Je voulais savoir j'ai souvent utilisé des version modifié de OSX pour mon ancien PC ASUS

Mais j'avais vu qu'il existait aussi des version non officiel modifié de OSX pour MAC, d'où ma question à quoi cela sert il ?


----------



## Arlequin (21 Septembre 2013)

Makime a dit:


> à quoi cela sert il ?



à venir poster des messages d'aide sur MacG ? 



je connais les ultimate edition de windows, entre autres, qui retirent le superflu et prétendent améliorer l'essentiel, mais je n'ai pas encore vu pareil coté mac, à quoi fais tu référence, exactement ? 

bonne soirée


----------



## Locke (21 Septembre 2013)

Makime a dit:


> Bonsoir à tous !
> 
> Je voulais savoir j'ai souvent utilisé des version modifié de OSX pour mon ancien PC ASUS
> 
> Mais j'avais vu qu'il existait aussi des version non officiel modifié de OSX pour MAC, d'où ma question à quoi cela sert il ?



Tu fais 2 petits efforts :
1) aller dans cette section... Bricolo & hackintosh - Forum Mac
------------------------------------------
_Note du modérateur-squatteur (ici Aliboron) : _
*Considérons que c'est fait&#8230; *
2) tu tapes *hackintosh* dans Google




Arlequin a dit:


> à venir poster des messages d'aide sur MacG ?
> 
> 
> 
> ...



J'ai quelques heures de vol avec Windows et il y a pas mal de version bidouillées _(très mal)_. Mais sur le fond, dans tous les forums Windows, plus de 90 % de tous ceux qui ont utilisés de telles versions ont fait des messages mentionnant que telle ou telle partie de l'OS était en dysfonctionnement.

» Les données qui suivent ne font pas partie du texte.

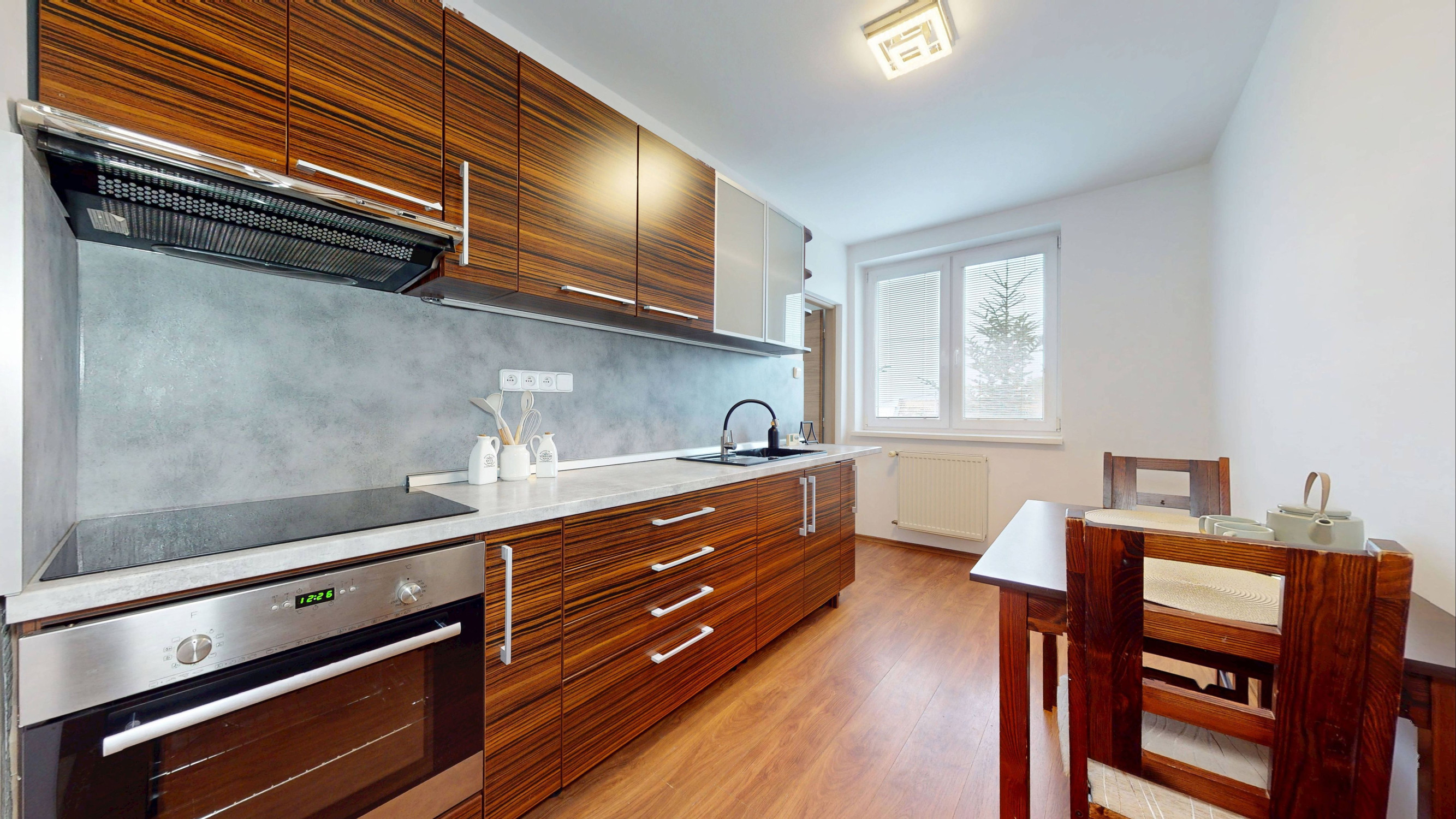 Byt prešiel v roku 2015 kompletnou kvalitnou rekonštrukciou – výmena elektrických rozvodov, rozvodov vody, plynu a odpadu, plastové okná, nové bezpečnostné vstupné dvere, komplet podlahy a zárubne, rovnako aj kúpeľňa a WC. Teplo a teplá voda je zabezpečená prostredníctvom kvalitného plynového kotla Protherm Tiger. Byt má samostatné odpočty energií.

J'ai passé beaucoup de temps à dépanner et curieusement, en conseillant de faire une réinstallation avec une version originale, tout rentrait dans l'ordre. Du même ordre de tous ceux qui conseillent de faire la même chose en utilisant une version combo de OS X lorsque celui-ci bat vraiment de l'aile.

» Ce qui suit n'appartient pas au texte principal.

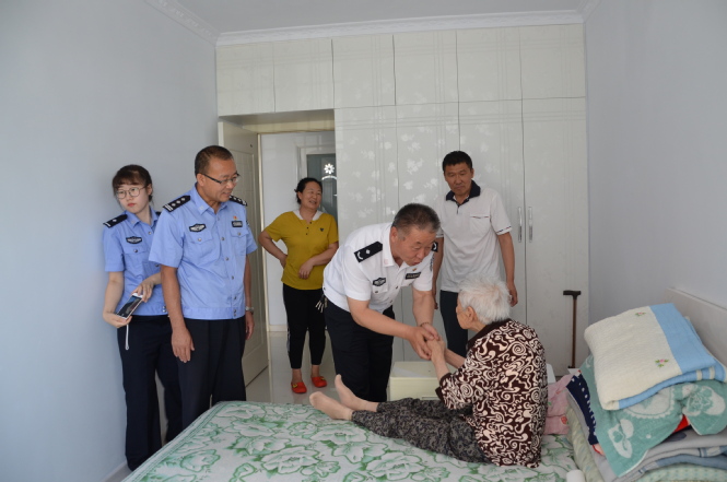 “老人家,我代表内蒙古组织部、内蒙古司法厅、五原戒毒所三级党委来看望你,祝愿您健康长寿、心情舒畅。做为建国前老党员,我们以您的对党无限忠诚、对中国革命作出的贡献致以崇高敬意,我们要学习老一辈共产党员一心为党、忠于革命、用一辈子践行共产党员的使命。”五原戒毒所王聪明所长拉着建国前老党员、九十一岁高龄的牟乃蕊的手一边递出慰问金一边亲切的说。
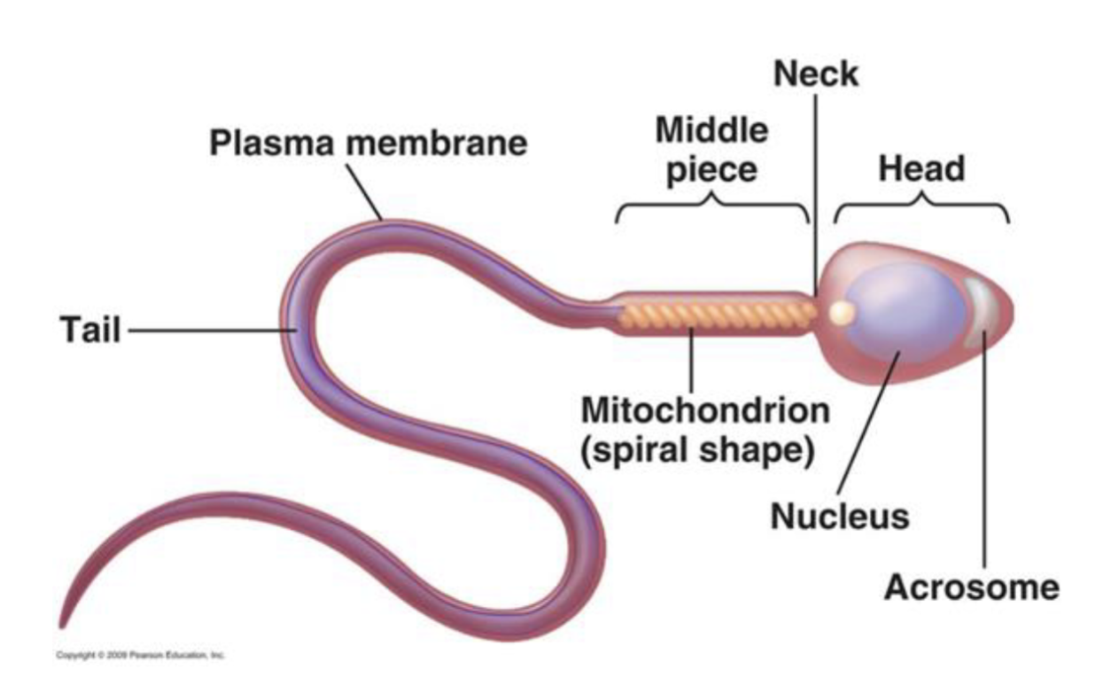o The head contains the nucleus and enzyme-filled structure called acrosomes

A l'instar de Apple qui fournit pour un même modèle, les mêmes composants. Un PC est tellement hétéroclite en matériels divers, que ça peut fonctionner sur 1, 10 PC, mais par pour 50 ou 100.

Bref, j'ai fini de m'étaler, mais le seul conseil que je donnerais dans les 2 univers : ne jouez pas à l'apprenti sorcier et achetez une version officielle.


----------



## Makime (1 Octobre 2013)

Bien justement j'ai toujours tournée sous windows avec ma propre composition de windows et justement je préférais largement mon Windows 7 que l'original (déjà car j'avais pas de problème de drivers car j'avais viré TOUS les drivers pour ne mettre que ceux de mon ancien ASUS  )

bref iATKOS se sont les nom des version OSX modifié pour MAC.


----------



## tonrain (2 Octobre 2013)

iATKOS est une version modifié de Mac OS X possédant des drivers non officiels pour PC et possédant la particularité de pouvoir démarrer sur un ordinateur muni d'un BIOS contrairement au Mac et aux PCs récents qui possèdent un EFI pour démarrer.

En gros, ça sert pour les Hackintosh et c'est inutile pour les Macs.


----------